To become accessible to a broader range of users in a translational setting, metabolomics software needs to provide intuitive and transparent control over all processing steps, without limiting more sophisticated uses. This need has been addressed by a batch processing interface, suitable to handle larger series of spectra with standard processing parameters, with an option to create user editable scripts allowing more sophisticated changes and providing access to algorithms from other packages.
Two-dimensional NMR spectra
The fundamental requirements for spectral processing of two-dimensional (2D) NMR spectra, such as J-resolved or HSQC spectra, are similar to those for 1D-NMR spectra. Owing to the reduced congestion in 2D spectra and the smaller number of data points, algorithms such as baseline correction are easier to implement. 2D spectra also present additional opportunities, especially for the assignment of metabolites depending on user driven decisions for ambiguous signals. This requires a spectral library, ideally one that has been recorded for the same field strength and sample conditions (e.g. solvent composition, buffer, sample pH and temperature). MetaboLab implements an easy mechanism to add spectral data for metabolites taken from databases.
Assignment decisions will often depend on the size of signal intensities in relation to other signals of the same metabolite, facilitated by the display of intensity values for picked peaks within regions of interests for the resonances of the metabolite of interest. MetaboLab also includes a simple mechanism to transfer peak lists between spectra and automatically adjusts small shifts of signals arising from pH variations.
Results and Discussion
MetaboLab is based on the previously developed NMRLab software , which is a general purpose software tool for multidimensional NMR data processing similar to other freely available software [4–6]. MetaboLab aims to facilitate post-processing steps necessary to prepare NMR spectra for statistical analysis similar to the script based software ProMetab . The major objectives for the MetaboLab software design were,
to create a simple and transparent software interface providing access to state-of-the-art algorithms,
to provide automated or graphically facilitated algorithms, e.g. for phase correction, spectral referencing, glog transform optimisation, baseline correction of series of spectra,
to create a graphical batch processing interface,
to enable data output for statistical packages such as PLS Toolbox (Eigenvector Research Inc.),
to enable semi-automated assignment of 2D-HSQC spectra,
to provide tools capable of generating peak lists and intensities for series of spectra.
One-dimensional NMR spectra processing and batch processing
MetaboLab includes the processing of the original spectrometer data (implemented for Bruker and Varian/Agilent data and parameter files), followed by common processing steps. The free induction decay (FID) is Fourier transformed, phase corrected and referenced, a robust automated algorithm is included for phase correction, which has worked well for most spectra acquired with the Bruker 'baseopt' acquisition parameter. Automated referencing to chemical shift standards such as TMS, TMSP or DSS is available. If no chemical shift standard has been added referencing is performed on the assumption that the transmitter offset has been set to the water frequency .

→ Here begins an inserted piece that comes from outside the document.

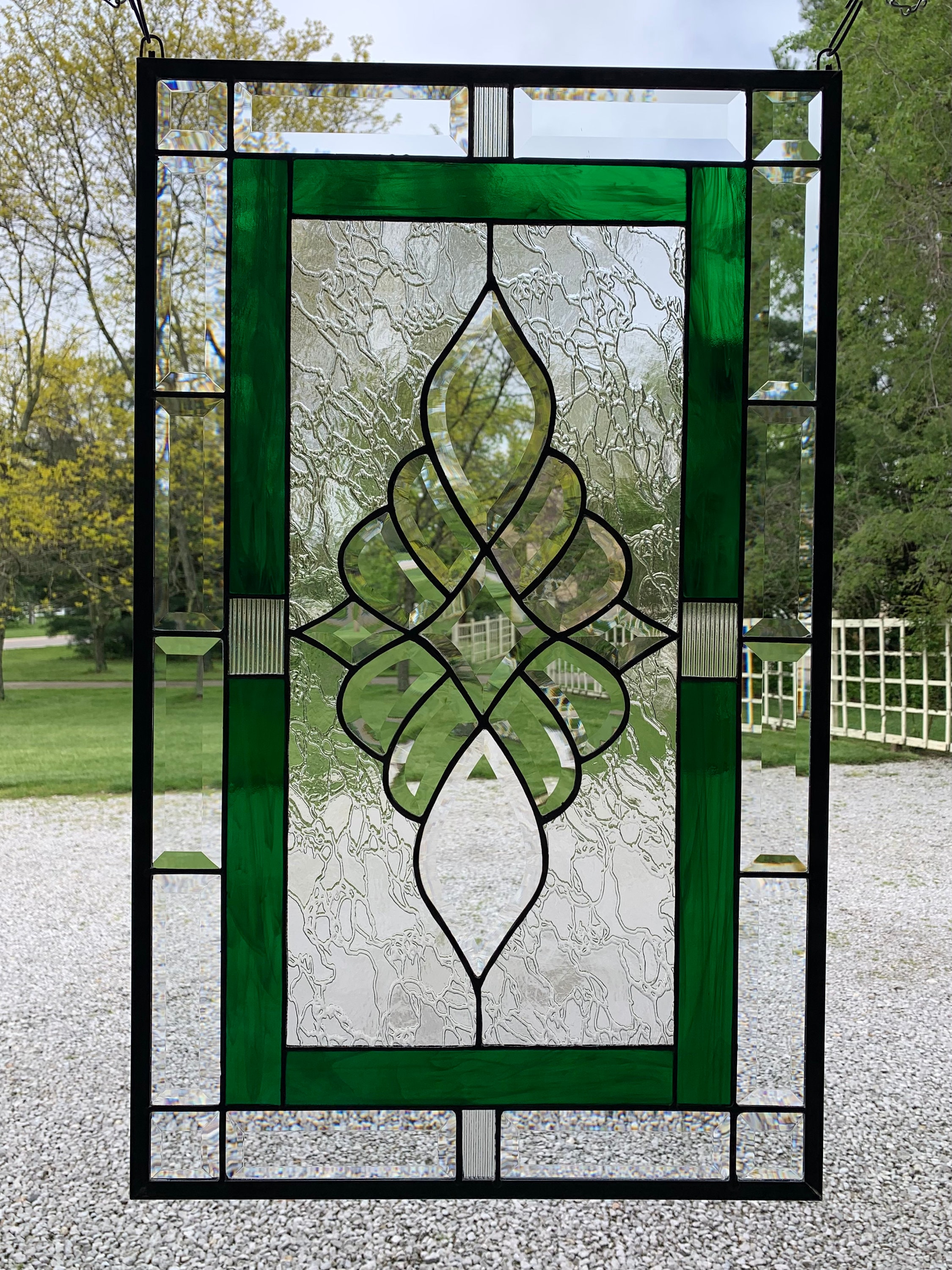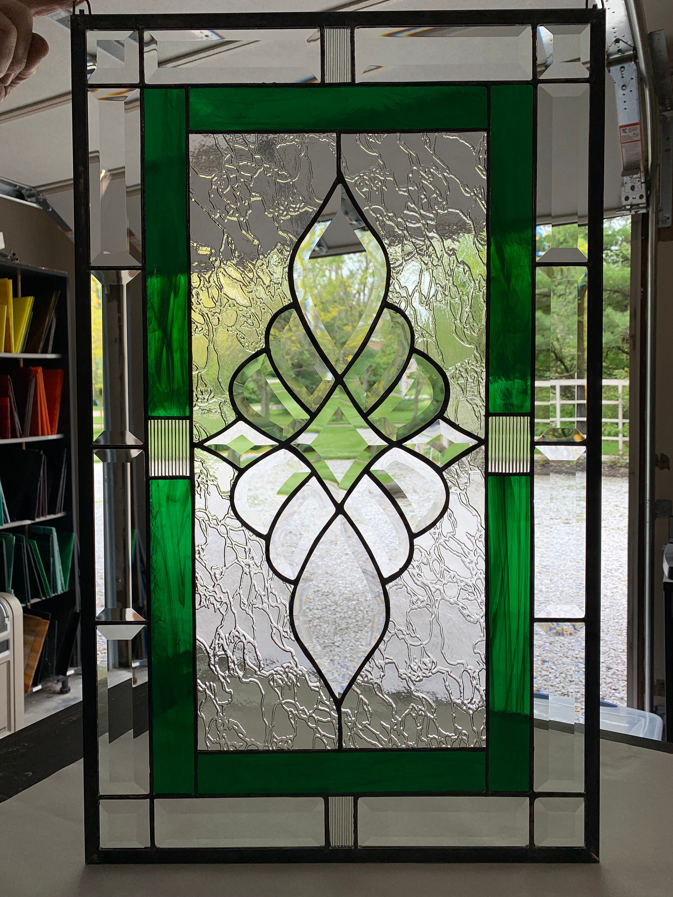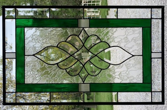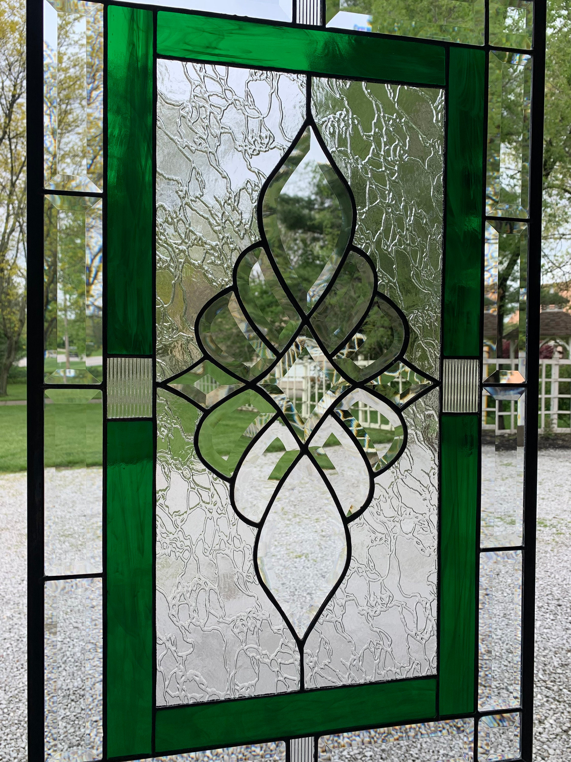 This beautiful stained glass window is made with 16 rectangle bevels and a elegant center bevel cluster. Clear delta glass is framed with a dark emerald green wispy glass and clear accents. The beveled cluster used in the center is designed to catch and reflect the light creating a wonderful visual effect. The bevels throughout the panel act as prisms that refract the light splitting into the colors of the rainbow.

For batch processing of NMR series of NMR spectra a script builder generates scripts using standard processing steps including zero filling, several algorithms for post acquisition water suppression , apodization functions, phase correction (two different automated algorithms or manual phase correction), DC offset correction, Gibbs multiplication and referencing. The file selection mechanism allows the simultaneous choice of NMR data from different directories. The script builder composes a MATLAB script, which can be further edited and executed. This script will read all the selected FIDs and process them subsequently (see also Additional File 1).
Processing scripts can similarly be composed for 2D spectra. Parameter sets for 2D J-resolved and for HSQC spectra have been included. For a series of 2D J-resolved spectra a projection using either the skyline or summation algorithm along the frequency axis can be applied after optionally calculating a tilted 2D spectrum. Apodization functions default to either exponential multiplication for 1D spectra or square cosine for 2D spectra. A window function composed of a shifted sine multiplied by an exponential (SEM window function ) is also available for 2D J-resolved spectra.

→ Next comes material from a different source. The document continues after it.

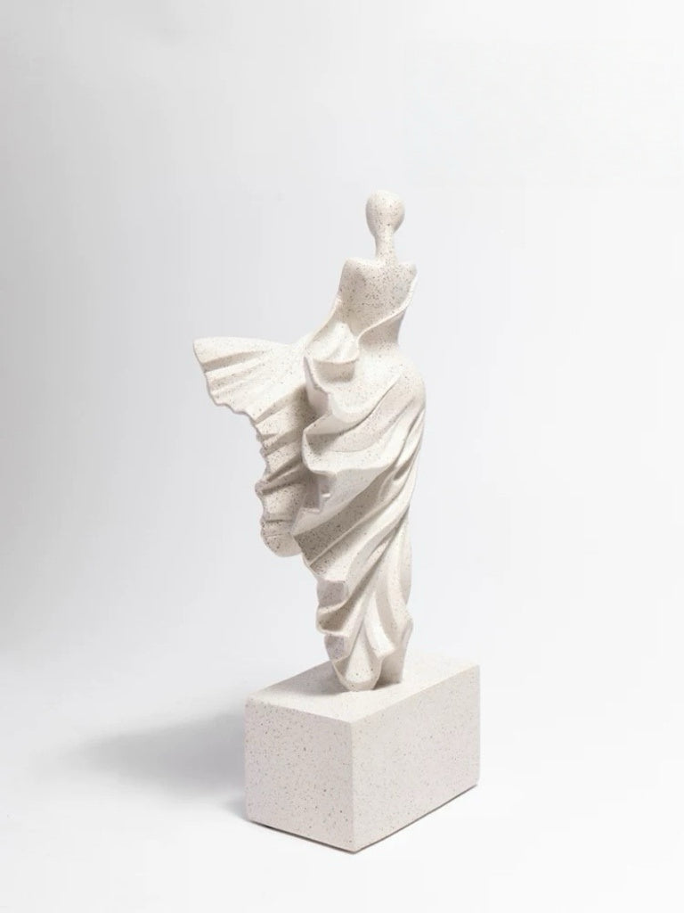 This handmade Italian figurine embodies the timeless beauty of femininity through flowing lines and sculptural grace. Crafted from premium Danish resin, it features a rock-like texture that adds depth and character to its ivory-toned surface. The figure’s elegant form recalls the movement of draped fabric, capturing a moment of serenity and strength.

MetaboLab: Metabolomics post-processing
Metabolomics NMR data analysis requires additional post-processing applied to the data series in order to remove distortions causing artifacts in subsequent statistical data analysis or quantification. Post-processing includes spectral alignment (with respect to TMSP or a reference spectrum, the latter is typically performed after selected regions of the spectra have been excluded), various algorithms for baseline correction, the scaling of spectra (with respect to TMSP or total spectral area), bucketing and data export for subsequent multivariate statistical analysis. The graphical user interface (Figure 1) allows for the exclusion of spectra and the assignment of classes, which can be displayed in different colors. An interface is provided to transfer data and spectral classes into the commercially available PLS Toolbox software (Eigenvector Research Inc., Wenatchee, USA).
The MetaboLab graphical user interface provides easy access to post-processing tasks. Even on modern spectrometers the spectral baseline is often not ideally flat or shows a small DC offset. Such distortions typically may arise from the use of digital filters in the context of oversampling or from imperfections in the water suppression. Moreover, small baseline distortions in high-resolution 1D spectra are enhanced by non-linear scaling algorithms such as the glog transform , Pareto or autoscaling, which are typically used to enhance small signals in spectra. MetaboLab includes various algorithms with automated determination of baseline points for baseline correction [11, 12]. However, parametrization of these algorithms is often difficult and tends to cause artifacts at the edge of peaks. Best results are achieved by manually picking baseline points on the series of NMR spectra, using common zeros in all or most spectra, followed by calculating a spline function to model the baseline for each individual spectrum. The advantage of this is that exactly the same spline points can be used for all spectra, thus reducing the variability between spectra. Facilitated by a graphical interface this helps to minimize distortions introduced by the baseline correction.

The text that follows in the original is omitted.